▸ **DATA SHOWN**
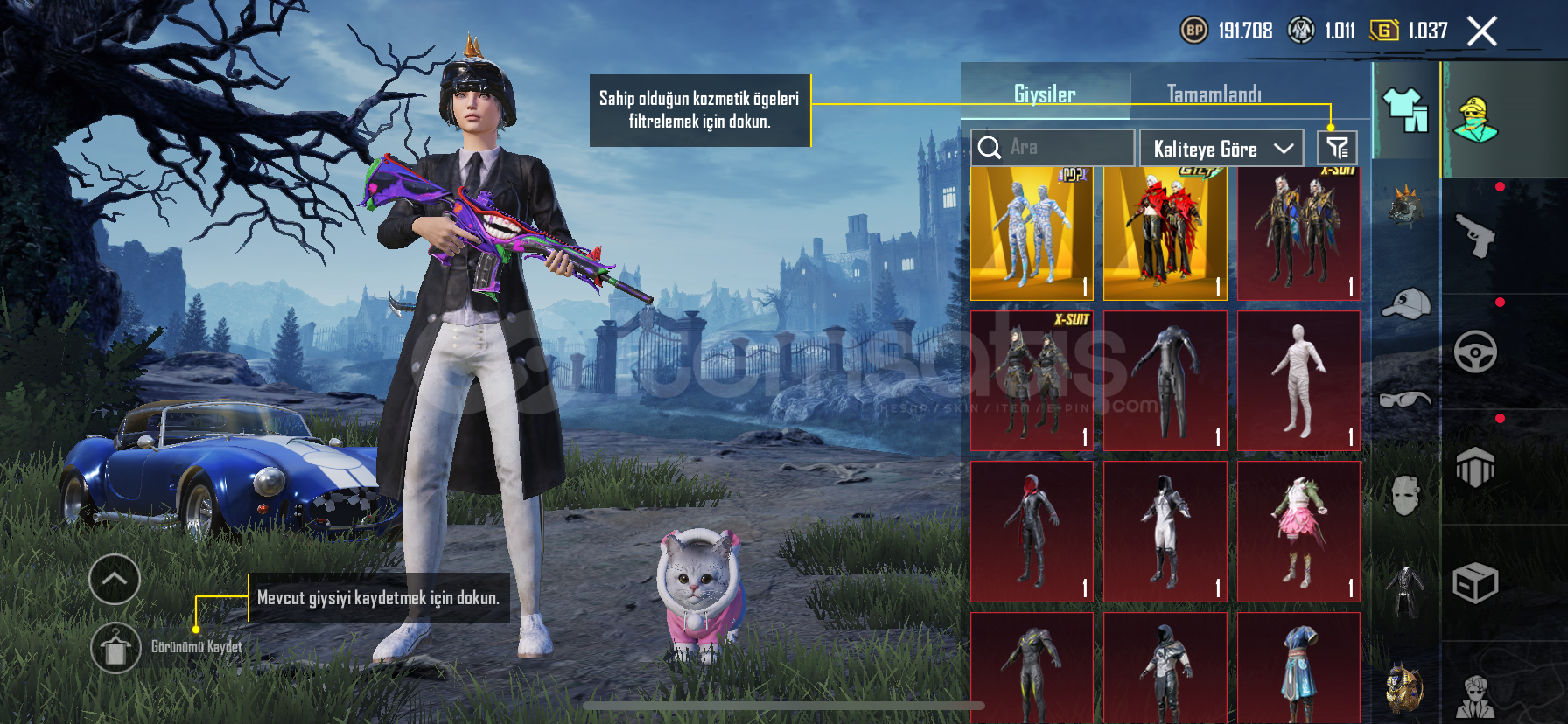 Maskara 7 seviyeM24 4 seviyemaskara scarl gibi skinler var34 Adet materyal vardikenli kask mavi mumya güzel kombinler var 3 nihai 120 destansıshelby mavi spor araba
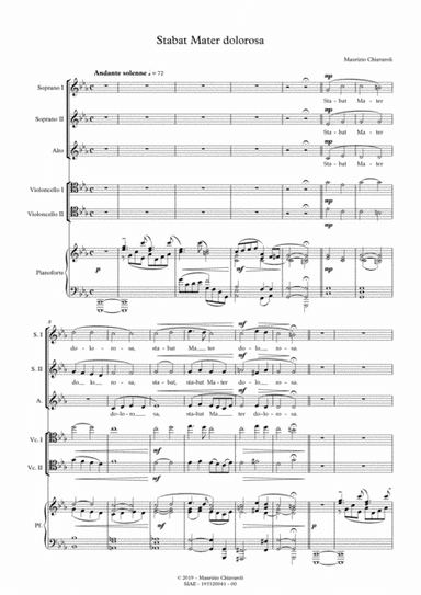 Choral Choir (SSA) - Level 3 - Digital Download SKU: A0.790768 Composed by Maurizio Chiavaroli. Christian,Contemporary,Easter,Standards. Octavo. 9 pages. Maurizio Chiavaroli #6075339. Published by Maurizio Chiavaroli (A0.790768). Composizione sacra originale per coro a voci pari (SSA), 2 violoncelli e pianoforteSacred original composition for choir (SSA), 2 cello and piano. This product was created by a member of ArrangeMe, Hal Leonard's global self-publishing community of independent composers, arrangers, and songwriters. ArrangeMe allows for the publication of unique arrangements of popular titles and original compositions from a variety of voices and backgrounds. The length, difficulty, and retail pricing are determined solely by the discretion of the person who arranged or composed it. About Digital Downloads Digital Downloads are downloadable sheet music files that can be viewed directly on your computer, tablet or mobile device. Once you download your digital sheet music, you can view and print it at home, school, or anywhere you want to make music, and you don’t have to be connected to the internet. Just purchase, download and play! PLEASE NOTE: Your Digital Download will have a watermark at the bottom of each page that will include your name, purchase date and number of copies purchased. You are only authorized to print the number of copies that you have purchased. You may not digitally distribute or print more copies than purchased for use (i.e., you may not print or digitally distribute individual copies to friends or students).
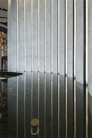 米白與深色石材作配搭,一方面配合自然亦帶來視覺上的強(qiáng)烈反差對比,同時(shí)整個(gè)空間著墨于「弧線」上,配合光線令空間布局主次分明。
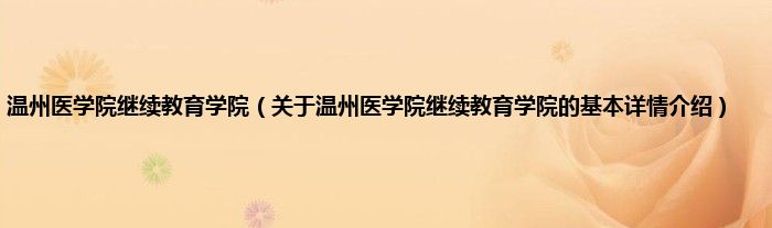 本文关于温州医学院继续教育学院的基本详情介绍就讲解完毕,希望对大家有所帮助。
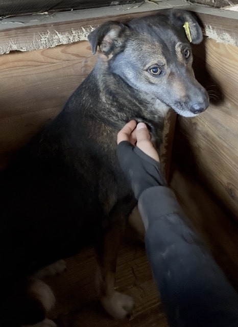 Unser zartes Rehlein JACINTA hofft nun seit mehr als einem Jahr im Shelter auf ihr Glück. In dieser Zeit hat sie eine tolle Entwicklung hingelegt: interessiert kam sie mit den anderen Hunden immer wieder ganz nah zu uns heran, um zu schnuppern und sich Leckerlie aus unseren Händen zu holen. Ihre Neugier uns gegenüber war deutlich spürbar und JACINTA hielt sich die ganze Zeit in unserer Nähe auf. In der sicheren Hütte konnten wir die zarte Maus schließlich behutsam streicheln. Sie kennt die intensive Nähe zu uns einfach nicht, weshalb ihr die Berührungen noch sichtlich Unbehagen bereiteten. Dennoch ließ sie es ganz brav geschehen und nahm weiterhin Leckerlie aus unseren Händen – ein sehr gutes Zeichen und die perfekte Basis, um daran in einer stressfreien Umgebung anknüpfen zu können. Nun fehlen unserer JACINTA nur noch erfahrene und einfühlsame Menschen, die sie an die Pfote nehmen und an ein Zusammenleben auf der Sonnenseite heranführen. Ein netter Ersthund würde ihr die Eingewöhnung sicher erleichtern, da das Rudel ihr Sicherheit gab.
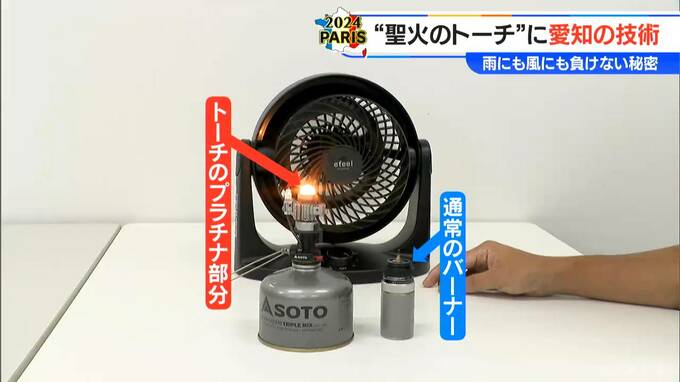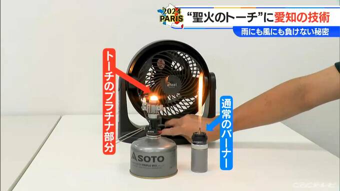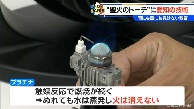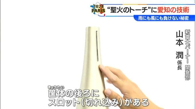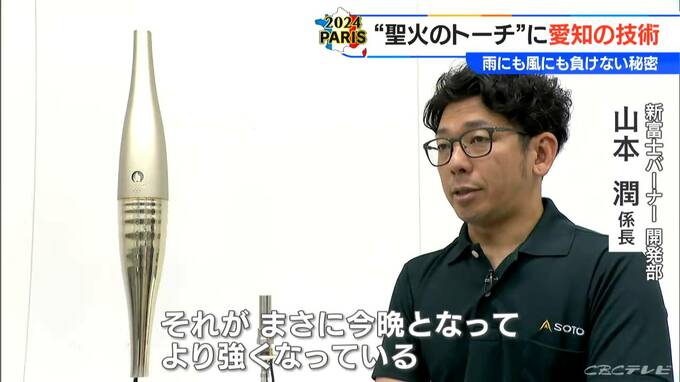 “メイドイン愛知”の技術が支えるトーチ。史上初の屋外での開会式で、聖火台に灯される瞬間にも注目です。
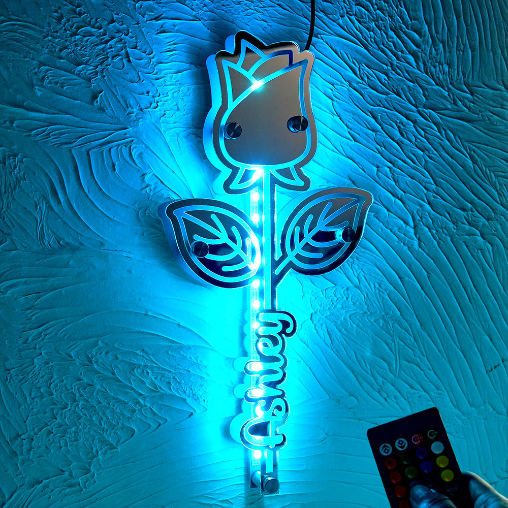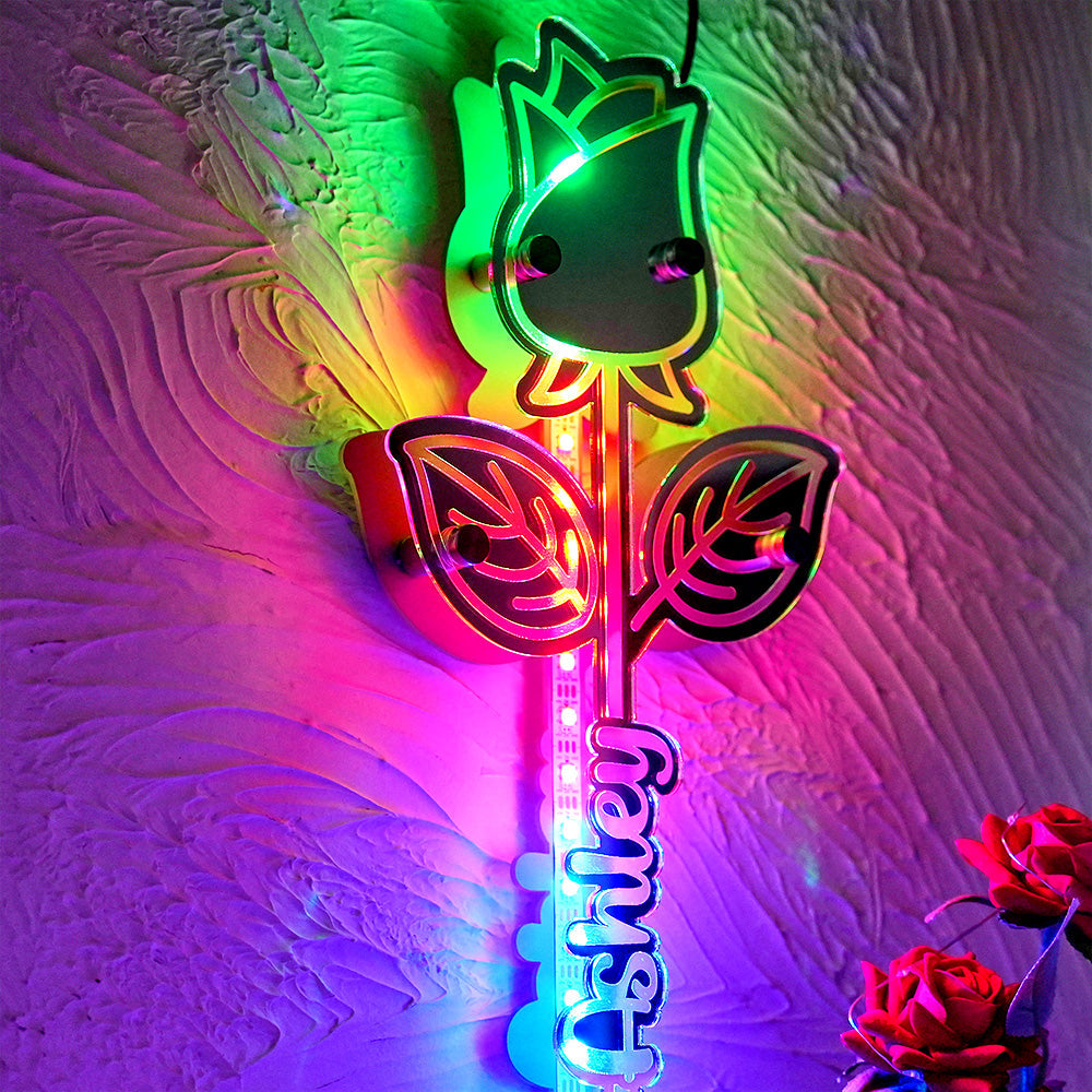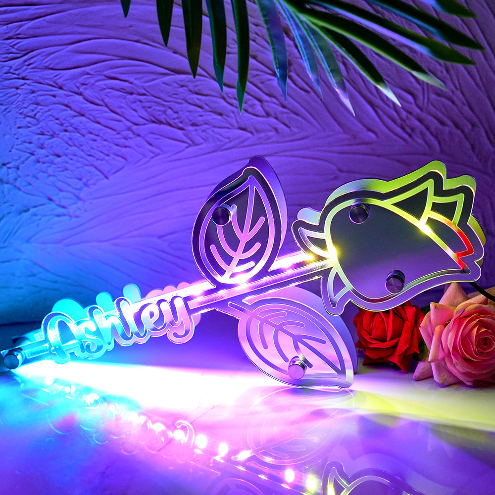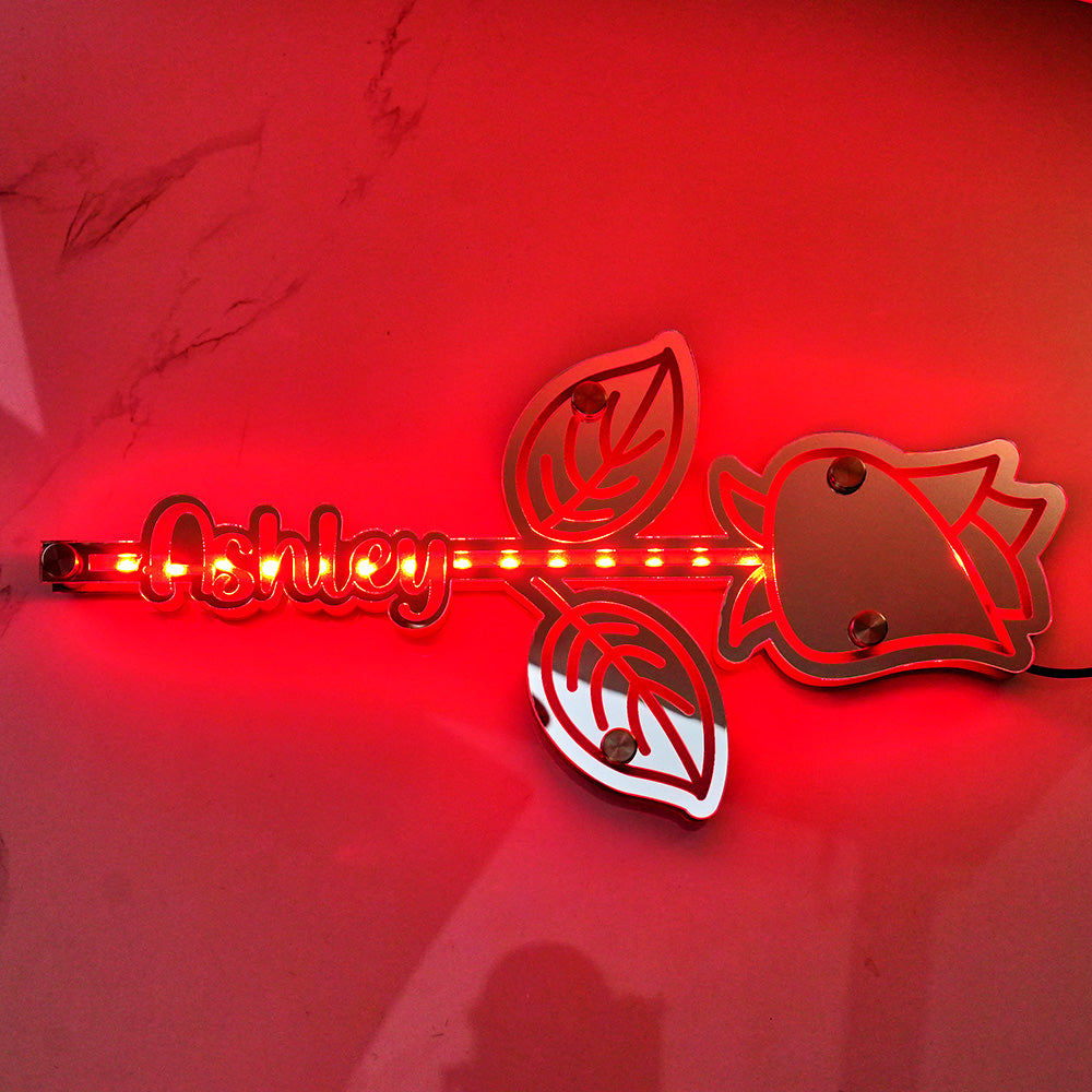 Lumière De Miroir Rose Personnalisée Avec Nom, Cadeau Personnalisé Pour Elle
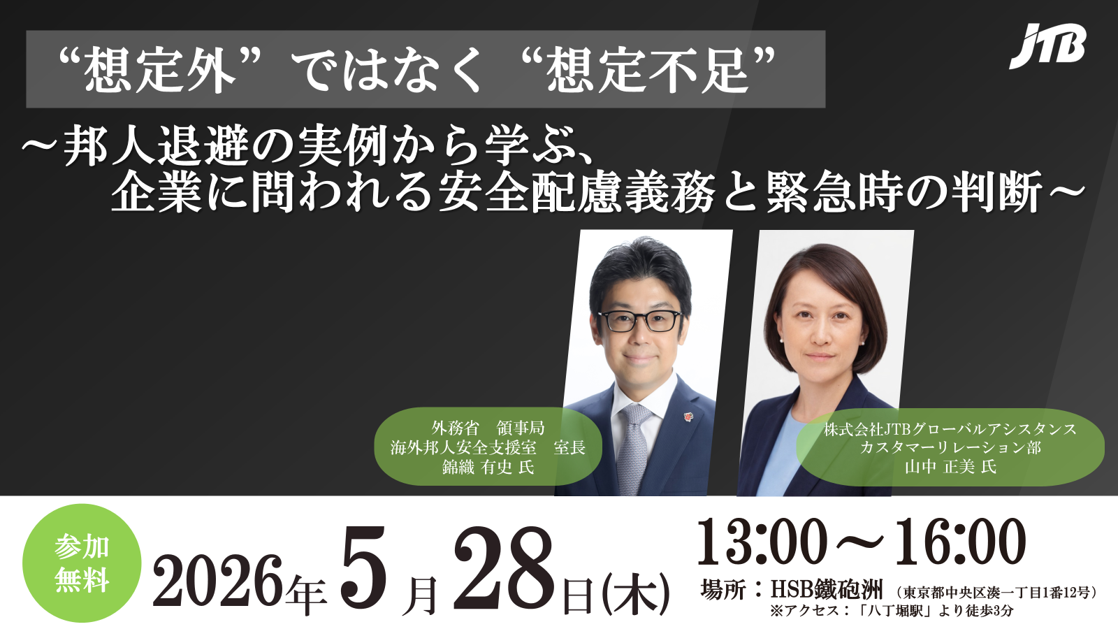 2026年05月28日(木) リアル会場 “想定外”ではなく“想定不足” ~邦人退避の実例から学ぶ、企業に問われる安全配慮義務と緊急時の判断~ 2026年5月28日(木) HSB鐵砲洲 会議室 アウトソーシング・ 業務委託(BPO) ビジネストラベル

▸ **PROMPT**
Make an exact printout of the listing above, omitting the images.

▸ **SOLUTION BELOW**
 Maskara 7 seviyeM24 4 seviyemaskara scarl gibi skinler var34 Adet materyal vardikenli kask mavi mumya güzel kombinler var 3 nihai 120 destansıshelby mavi spor araba
 Choral Choir (SSA) - Level 3 - Digital Download SKU: A0.790768 Composed by Maurizio Chiavaroli. Christian,Contemporary,Easter,Standards. Octavo. 9 pages. Maurizio Chiavaroli #6075339. Published by Maurizio Chiavaroli (A0.790768). Composizione sacra originale per coro a voci pari (SSA), 2 violoncelli e pianoforteSacred original composition for choir (SSA), 2 cello and piano. This product was created by a member of ArrangeMe, Hal Leonard's global self-publishing community of independent composers, arrangers, and songwriters. ArrangeMe allows for the publication of unique arrangements of popular titles and original compositions from a variety of voices and backgrounds. The length, difficulty, and retail pricing are determined solely by the discretion of the person who arranged or composed it. About Digital Downloads Digital Downloads are downloadable sheet music files that can be viewed directly on your computer, tablet or mobile device. Once you download your digital sheet music, you can view and print it at home, school, or anywhere you want to make music, and you don’t have to be connected to the internet. Just purchase, download and play! PLEASE NOTE: Your Digital Download will have a watermark at the bottom of each page that will include your name, purchase date and number of copies purchased. You are only authorized to print the number of copies that you have purchased. You may not digitally distribute or print more copies than purchased for use (i.e., you may not print or digitally distribute individual copies to friends or students).
 米白與深色石材作配搭,一方面配合自然亦帶來視覺上的強(qiáng)烈反差對比,同時(shí)整個(gè)空間著墨于「弧線」上,配合光線令空間布局主次分明。
 本文关于温州医学院继续教育学院的基本详情介绍就讲解完毕,希望对大家有所帮助。
 Unser zartes Rehlein JACINTA hofft nun seit mehr als einem Jahr im Shelter auf ihr Glück. In dieser Zeit hat sie eine tolle Entwicklung hingelegt: interessiert kam sie mit den anderen Hunden immer wieder ganz nah zu uns heran, um zu schnuppern und sich Leckerlie aus unseren Händen zu holen. Ihre Neugier uns gegenüber war deutlich spürbar und JACINTA hielt sich die ganze Zeit in unserer Nähe auf. In der sicheren Hütte konnten wir die zarte Maus schließlich behutsam streicheln. Sie kennt die intensive Nähe zu uns einfach nicht, weshalb ihr die Berührungen noch sichtlich Unbehagen bereiteten. Dennoch ließ sie es ganz brav geschehen und nahm weiterhin Leckerlie aus unseren Händen – ein sehr gutes Zeichen und die perfekte Basis, um daran in einer stressfreien Umgebung anknüpfen zu können. Nun fehlen unserer JACINTA nur noch erfahrene und einfühlsame Menschen, die sie an die Pfote nehmen und an ein Zusammenleben auf der Sonnenseite heranführen. Ein netter Ersthund würde ihr die Eingewöhnung sicher erleichtern, da das Rudel ihr Sicherheit gab.
 “メイドイン愛知”の技術が支えるトーチ。史上初の屋外での開会式で、聖火台に灯される瞬間にも注目です。
 Lumière De Miroir Rose Personnalisée Avec Nom, Cadeau Personnalisé Pour Elle
 2026年05月28日(木) リアル会場 “想定外”ではなく“想定不足” ~邦人退避の実例から学ぶ、企業に問われる安全配慮義務と緊急時の判断~ 2026年5月28日(木) HSB鐵砲洲 会議室 アウトソーシング・ 業務委託(BPO) ビジネストラベル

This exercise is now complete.